++++ Provided records

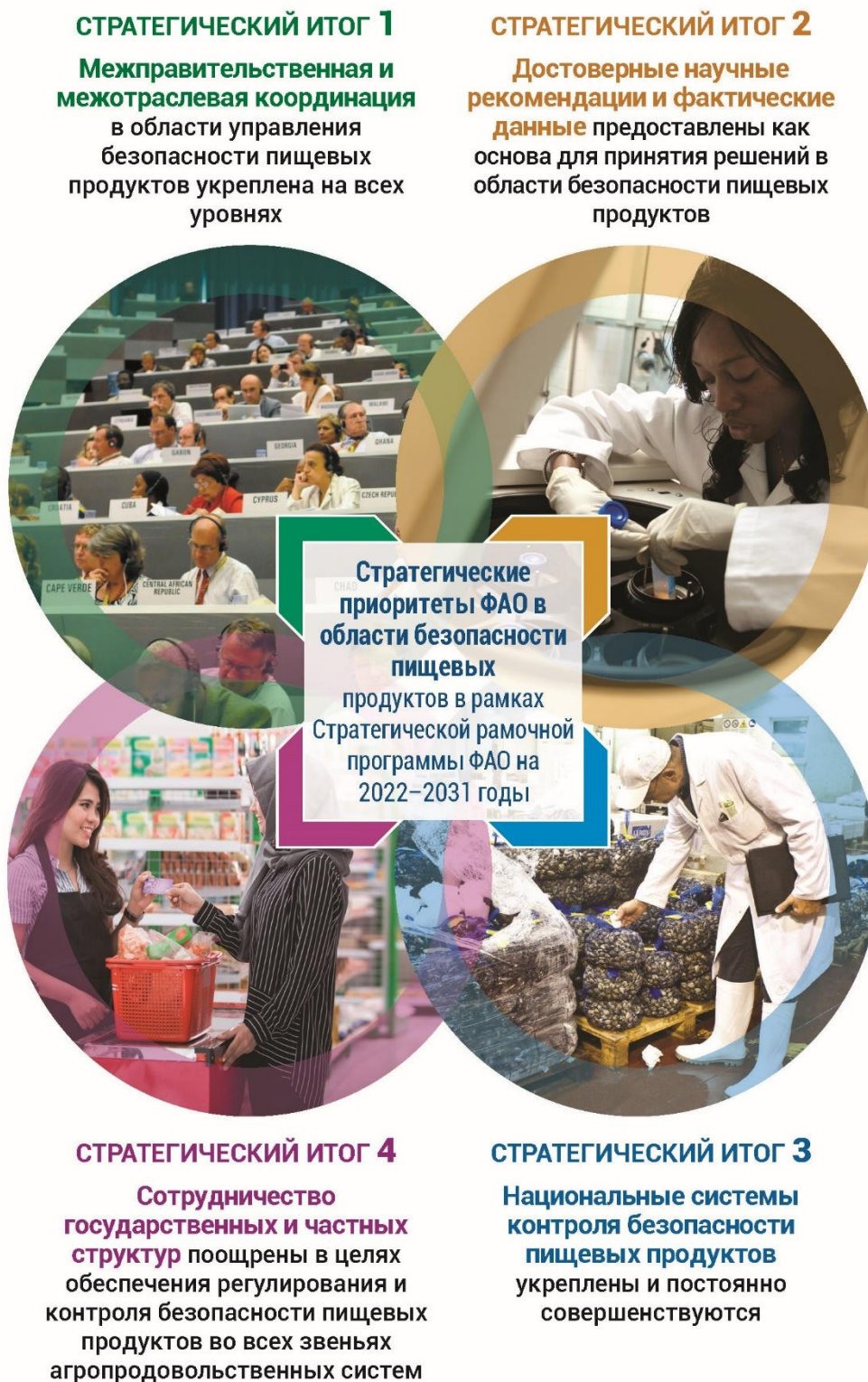
Рисунок 2. Четыре стратегических итога, соответствующие Стратегическим приоритетам ФАО в области безопасности пищевых продуктов в рамках Стратегической рамочной программы ФАО на 2022–2031 годы
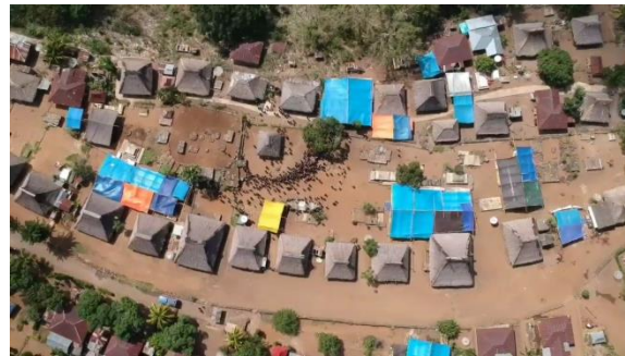
Gambar 5. Kerbau Digiring Keliling Sa'o Keda

Setelah upacara pemotongan kerbau, para penari Mure mulai keluar dari Sa'o Keda menuju Puse Nua (batu keramat sebagai titik pusat permukiman adat). Tarian Mure merupakan tarian sakral sebagai ucapan syukur dan juga tarian memanggil hujan (Gambar 6). Para penari ini membuat formasi setengah lingkaran di sebelah selatan Puse Nua dan mulai dengan nyanyian dan tarian (Gambar 7). Tarian yang mereka lakukan sambil mengelilingi Puse Nua . Selesai tarian Mure , nggo lamba (gong dan gendang) mulai dimainkan dan masyarakat mulai menari dan bersukacita setelah itu semua masyarakat, para mosalaki , dan penari mure beristirahat untuk makan siang. Setelah beristirahat dan makan siang, nggo lamba mulai dimainkan kembali dan masyarakat serta para Mosalaki
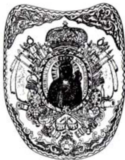
Ryngraf rycerski z herbem „Mogiła” rodu Stankiewiczów. Ze zbiorów Polskiego Muzeum Historycznego w Muri.
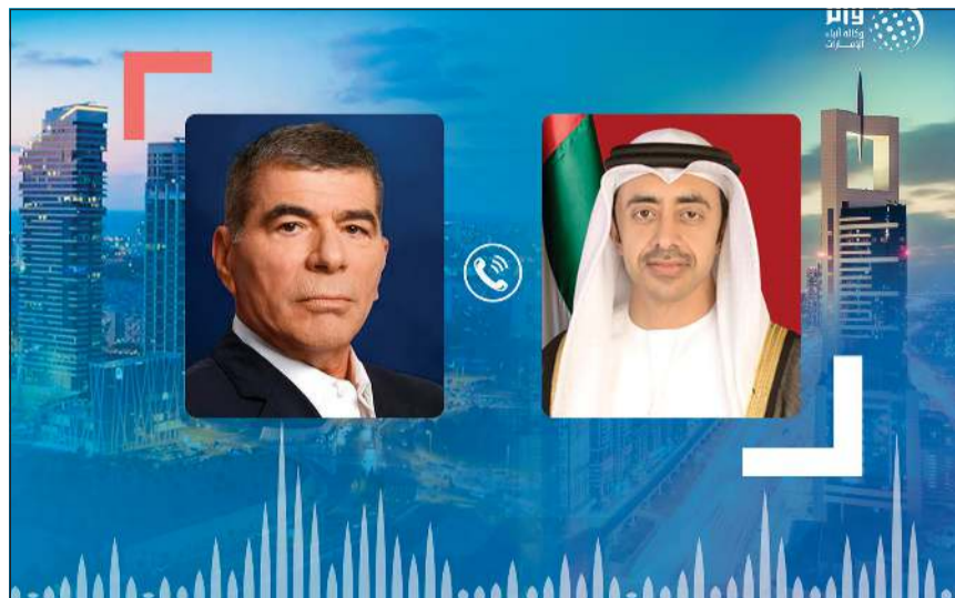
صورة تشترتها وكالة الأنباء الإماراتية للشيخ عبدالله بن زايد وزير الخارجية والتعاون الدولي وغابي أشكنازي وزير خارجية إسرائيل

ساديف: «يسرنا التعاون مع شركة أبليكس الوطنية للاستثمار ونأمل أن نحقق من هذا التعاون الأهداف المنشودة والتي تعود بالمنفعة الاقتصادية على الجميع خصوصاً في هذه الظروف الاستثنائية مع انتشار فيروس كورونا المستجد في مختلف أنحاء دول العالم». ويهدف الاتفاق بين الشركتين إلى تطوير وتعزيز الأبحاث والدراسات الخاصة بفيروس كورونا إضافة إلى تطوير جهاز فحص كورونا للمساهمة في تسريع عملية الفحص وتسهيله وتوفيرها بدرجة عالية لجميع أفراد المجتمع وفق أفضل الممارسات العالمية.

++++++++

* What this task involves *
Pick out, from the lines above, every one that contains the string "Keda".

* Response *
Gambar 5. Kerbau Digiring Keliling Sa'o Keda
Setelah upacara pemotongan kerbau, para penari Mure mulai keluar dari Sa'o Keda menuju Puse Nua (batu keramat sebagai titik pusat permukiman adat). Tarian Mure merupakan tarian sakral sebagai ucapan syukur dan juga tarian memanggil hujan (Gambar 6). Para penari ini membuat formasi setengah lingkaran di sebelah selatan Puse Nua dan mulai dengan nyanyian dan tarian (Gambar 7). Tarian yang mereka lakukan sambil mengelilingi Puse Nua . Selesai tarian Mure , nggo lamba (gong dan gendang) mulai dimainkan dan masyarakat mulai menari dan bersukacita setelah itu semua masyarakat, para mosalaki , dan penari mure beristirahat untuk makan siang. Setelah beristirahat dan makan siang, nggo lamba mulai dimainkan kembali dan masyarakat serta para Mosalaki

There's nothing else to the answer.